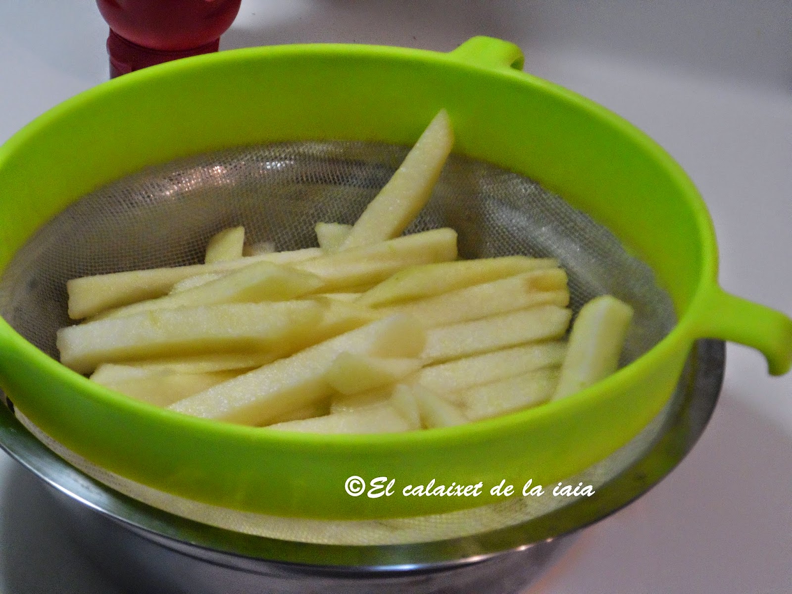 Pelaremos la manzana y la cortaremos como si fueran patatas fritas
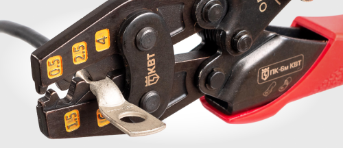 - Универсальный размер 4-позиционные губки позволяют обжимать медные наконечники диаметром от 1,5 до 6 кв.мм
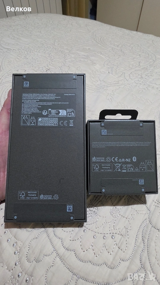 2. Доставка с куриер: В случай на интерес и след уговорка по телефона, мога да изпратя двете устройства по Еконт или Спиди, но само с опция „Преглед преди плащане“. Това означава, че купувача може да прегледа транспортната опаковка и целостта на фабричните пломби на Samsung, но условието за отваряне на самите фабрично запечатани кутии на телефона и слушалките е допустимо само след окончателно закупуване.

TASK TO CARRY OUT: Copy out the data verbatim, with no pictures.

FINISHED EXERCISE:
 Pelaremos la manzana y la cortaremos como si fueran patatas fritas
 - Универсальный размер 4-позиционные губки позволяют обжимать медные наконечники диаметром от 1,5 до 6 кв.мм
 2. Доставка с куриер: В случай на интерес и след уговорка по телефона, мога да изпратя двете устройства по Еконт или Спиди, но само с опция „Преглед преди плащане“. Това означава, че купувача може да прегледа транспортната опаковка и целостта на фабричните пломби на Samsung, но условието за отваряне на самите фабрично запечатани кутии на телефона и слушалките е допустимо само след окончателно закупуване.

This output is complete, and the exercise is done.